Kasimir Kaskisuo (born 2 October 1993) is a Finnish professional ice hockey goaltender for Leksands IF of the Swedish Hockey League (SHL). He has previously played for the Toronto Maple Leafs and the Nashville Predators in the National Hockey League (NHL).

Playing career

Collegiate
While playing with the Minnesota Wilderness in the North American Hockey League, Kaskisuo committed to play collegiate hockey with the University of Minnesota–Duluth. In his freshman year, Kaskisuo recorded a .923 save percentage to earn NCHC Rookie of the Week honors. He later went 5–0–0 with a .949 save percentage to earn the Bauer National Collegiate Hockey Conference Goalie of the Week. By the end of the month, he was named Hockey Commissioners' Association Rookie of the Month for November. At the conclusion of the 2014–15 season, Kaskisuo was named to the All-Rookie Team, and a finalist for Goaltender of the Year. He was also elected the University of Minnesota–Duluth's Most Valuable Player for the 2014–15 season.

Prior to his sophomore season, Kaskisuo was named to the Mike Richter Award Watch List for the 2015–16 season. At the conclusion of the season, Kaskisuo was chosen for the American Sports Network Player of the Week after making a career-high 49 saves in a game against St. Cloud State University. He was also named a finalist for the Mike Richter Award as the most outstanding in Division I NCAA men's ice hockey.

Professional
On 28 March 2016, Kaskisuo signed a two-way contract with the Toronto Maple Leafs, and began play with its minor league affiliates, the Toronto Marlies of the American Hockey League (AHL) and the Orlando Solar Bears of the ECHL. On 29 May 2018, the Maple Leafs signed Kaskisuo to another two-way contract that lasted two years. During the 2017–18 season, the Maple Leafs loaned Kaskisuo to the AHL's Chicago Wolves.

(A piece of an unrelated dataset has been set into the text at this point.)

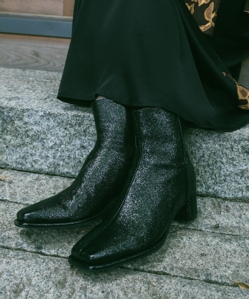 店頭スタッフからの指示も厚い、疲れ知らずのスクエアブーツ90sチャンキーブーツより着想を得たデザインは、デザイン性だけでなく使いやすさと歩きやすさを追求しました。滑らかなフェイクレザーは履いていくうちに足の形に馴染んでいき、スクエアトゥなので足先を締め付けず、太めのヒールで安定感のある履き心地を実現。普段ヒールを履かない方にもおすすめな一品です。奥行きをもたらすクラック加工は、光の角度で自由に煌めき、スタイリングにアクセントをプラスしてくれます。SIZES 足幅:7.4cm 足囲:21.3cm 筒丈:19.7cm 履き口周り:26cm ヒール:5.5cmM 足幅:7.6cm 足囲:22cm 筒丈:20cm 履き口周り:26.8cm ヒール:5.5cmL 足幅:8cm 足囲:22.7cm 筒丈:20.7cm 履き口周り:27.5cm ヒール:5.5cm◼︎Point・毎年人気のスクエアブーツ。・太めヒールで抜群の安定感。・幅広の方でも履きやすいスクエアトゥ。・着脱しやすいバックファスナー。スタッフレビュースタッフA普段のサイズ:23.5cm足の形:幅広、甲高Mサイズでちょうど良かったです。幅広 / 甲高 でブーツ選びが難しいのですが、このブーツはつま先がスクエアということもあり、楽に着用できます。また、ヒールの太さもしっかりとある為、長時間の着用も問題なく、非常に歩きやすいです。スタッフB普段のサイズ:22.5cm足の形:甲が薄い。足の幅が狭い。着用サイズ:SサイズSサイズを着用して全体的にゆとりのあるサイズ感でした。踵に合わせて、つま先が指2本分空いています。そのまま履くことも可能ですが、よりフィット感を求めるようであればインソールを入れることをおすすめします。スタッフC普段のサイズ:ブーツは24.0cm、サンダルは23.5cm足の形:甲が薄い。足の幅が広い。安定した太めヒール+スクエアトゥで、長時間履いていても疲れ知らずな一足です。スタッフD普段のサイズ:25.0cm(靴によっては25.5cm)足の形:甲の高さは普通。足の幅が広い。外反母趾気味。着用サイズ:Lサイズリアルバイです。最初は幅がぴったりでしたが、履いていけば自然と馴染みます。--------------------------------透け感 :ありなし裏地 :ありなし伸縮性 :ありなし光沢感 :ありなしポケット:ありなし--------------------------------※画像はサンプルを使用しているため実際にお届けする商品と仕様やサイズが異なる場合がございます。※照明の関係により実際よりも色味が違って見える場合があります。またパソコン・スマートフォンなどの環境により、若干製品と画像のカラーが異なる場合もございます。※実際のお色味は商品単品画像をご確認くださいませ。※商品によってはシワが付きやすく、畳み皺や折り皺が強く出る場合がございます。 洗濯表示や品質をご確認の上、アイロンまたはスチームアイロンをかけていただくことを推奨します。ブランド品番:【sahara/サハラ】遠い記憶、遥か異国の土地、文化、伝統。をコンセプトとし、現代に生きる女性に、ノスタルジックなリアルクローズを提案いたします。●商品のお気に入り登録再入荷、残り1点、セールなどの通知を受け取ることが出来ます。●ブランドのお気に入り登録新商品や再入荷、ショップのおすすめトピックスなど、いち早くブランドのお得な情報を受け取ることができます。
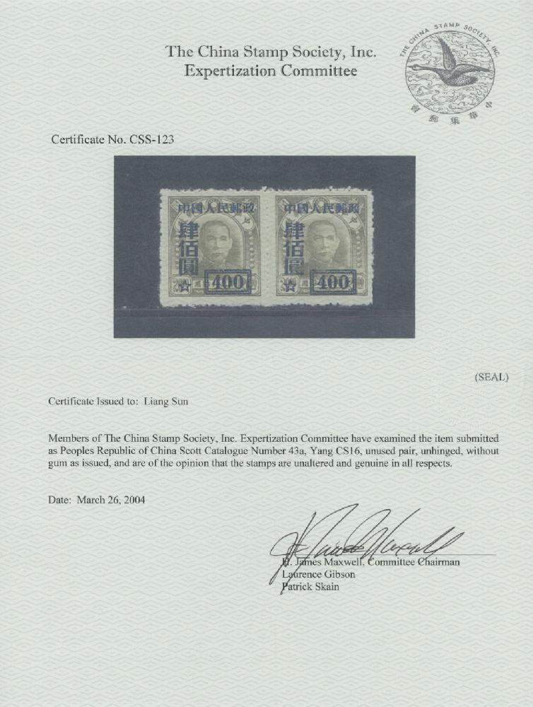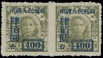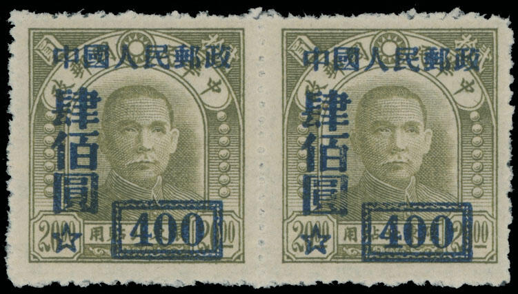 | Zusatzinformationen und Suchstichworte: | Raritan Stamps - 94. Auktion 26. - 29. Oktober 2022 Los 770 China VR 1950, Dr. Sun Yat-sen, blau Aufdruck $400 auf $20 olivgrün, Urmarke ist Type I, waagrechtes Paar, ohne Gummi wie hergestellt, postfrisch, Pracht und selten im Paar, Chinamarke Society Attest, Katalogwert $1,600 als Einzelmarken, Schätzpreis. $1,000-$1,200 Zuschlag 1.700,00 USD |

On 12 November 2019, the Maple Leafs called-up Kaskisuo to serve as their backup goaltender. On 16 November 2019, he made his NHL debut with the Maple Leafs against the Pittsburgh Penguins in a 6-1 loss in Pittsburgh.

In the summer of 2020, the Maple Leafs hosted one of the two "bubbles" where the NHL held the 2020 Stanley Cup playoffs. Each team had to choose a third goaltender in case of emergency, and the Maple Leafs chose Kaskisuo.

On 13 October 2020, after five seasons with the Maple Leafs organization, Kaskisuo signed a one-year, two-way contract with the Nashville Predators as a free agent.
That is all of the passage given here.